Give again, word for word, every line below from the one that has "Das Formular when" through the one that has "Strang alter Glasperlen", both included, and no others.

_DATA PROVIDED_
———

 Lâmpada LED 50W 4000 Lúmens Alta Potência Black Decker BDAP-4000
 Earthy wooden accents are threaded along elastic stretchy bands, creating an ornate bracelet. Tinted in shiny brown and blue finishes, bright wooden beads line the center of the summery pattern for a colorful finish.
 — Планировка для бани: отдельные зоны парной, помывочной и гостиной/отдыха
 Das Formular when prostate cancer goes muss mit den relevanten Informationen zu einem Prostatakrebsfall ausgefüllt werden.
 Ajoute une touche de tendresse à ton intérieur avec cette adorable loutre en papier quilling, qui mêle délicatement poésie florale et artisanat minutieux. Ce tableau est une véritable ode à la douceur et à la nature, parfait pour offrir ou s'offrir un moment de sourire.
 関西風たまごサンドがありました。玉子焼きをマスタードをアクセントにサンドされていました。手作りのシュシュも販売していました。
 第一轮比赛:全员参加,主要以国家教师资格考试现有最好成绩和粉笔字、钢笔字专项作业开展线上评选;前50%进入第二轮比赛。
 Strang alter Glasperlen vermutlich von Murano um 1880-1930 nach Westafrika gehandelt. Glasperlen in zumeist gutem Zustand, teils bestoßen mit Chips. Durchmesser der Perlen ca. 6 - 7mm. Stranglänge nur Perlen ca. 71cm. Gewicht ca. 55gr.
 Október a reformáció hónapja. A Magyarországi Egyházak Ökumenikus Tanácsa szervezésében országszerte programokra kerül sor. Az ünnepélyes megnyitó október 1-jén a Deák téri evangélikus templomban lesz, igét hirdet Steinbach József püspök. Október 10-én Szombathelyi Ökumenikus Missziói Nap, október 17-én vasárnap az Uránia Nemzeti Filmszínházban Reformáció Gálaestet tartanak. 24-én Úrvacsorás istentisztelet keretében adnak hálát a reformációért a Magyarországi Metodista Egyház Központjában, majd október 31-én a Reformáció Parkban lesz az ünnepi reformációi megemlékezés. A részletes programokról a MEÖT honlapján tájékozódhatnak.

———

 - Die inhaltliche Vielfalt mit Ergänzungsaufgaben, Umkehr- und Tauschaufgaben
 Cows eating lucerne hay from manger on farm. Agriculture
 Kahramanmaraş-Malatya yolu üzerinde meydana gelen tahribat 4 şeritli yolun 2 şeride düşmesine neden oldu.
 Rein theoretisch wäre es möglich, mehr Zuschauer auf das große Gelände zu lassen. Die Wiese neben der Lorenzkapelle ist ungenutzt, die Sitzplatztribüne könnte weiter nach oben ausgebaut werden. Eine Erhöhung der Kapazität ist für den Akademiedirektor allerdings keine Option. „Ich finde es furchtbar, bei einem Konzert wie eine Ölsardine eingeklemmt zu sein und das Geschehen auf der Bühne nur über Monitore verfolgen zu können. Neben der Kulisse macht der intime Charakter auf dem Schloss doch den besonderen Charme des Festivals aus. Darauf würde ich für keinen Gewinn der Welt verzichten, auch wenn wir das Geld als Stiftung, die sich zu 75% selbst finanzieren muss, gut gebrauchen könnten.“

———

_YOUR RESPONSE_
 Das Formular when prostate cancer goes muss mit den relevanten Informationen zu einem Prostatakrebsfall ausgefüllt werden.
 Ajoute une touche de tendresse à ton intérieur avec cette adorable loutre en papier quilling, qui mêle délicatement poésie florale et artisanat minutieux. Ce tableau est une véritable ode à la douceur et à la nature, parfait pour offrir ou s'offrir un moment de sourire.
 関西風たまごサンドがありました。玉子焼きをマスタードをアクセントにサンドされていました。手作りのシュシュも販売していました。
 第一轮比赛:全员参加,主要以国家教师资格考试现有最好成绩和粉笔字、钢笔字专项作业开展线上评选;前50%进入第二轮比赛。
 Strang alter Glasperlen vermutlich von Murano um 1880-1930 nach Westafrika gehandelt. Glasperlen in zumeist gutem Zustand, teils bestoßen mit Chips. Durchmesser der Perlen ca. 6 - 7mm. Stranglänge nur Perlen ca. 71cm. Gewicht ca. 55gr.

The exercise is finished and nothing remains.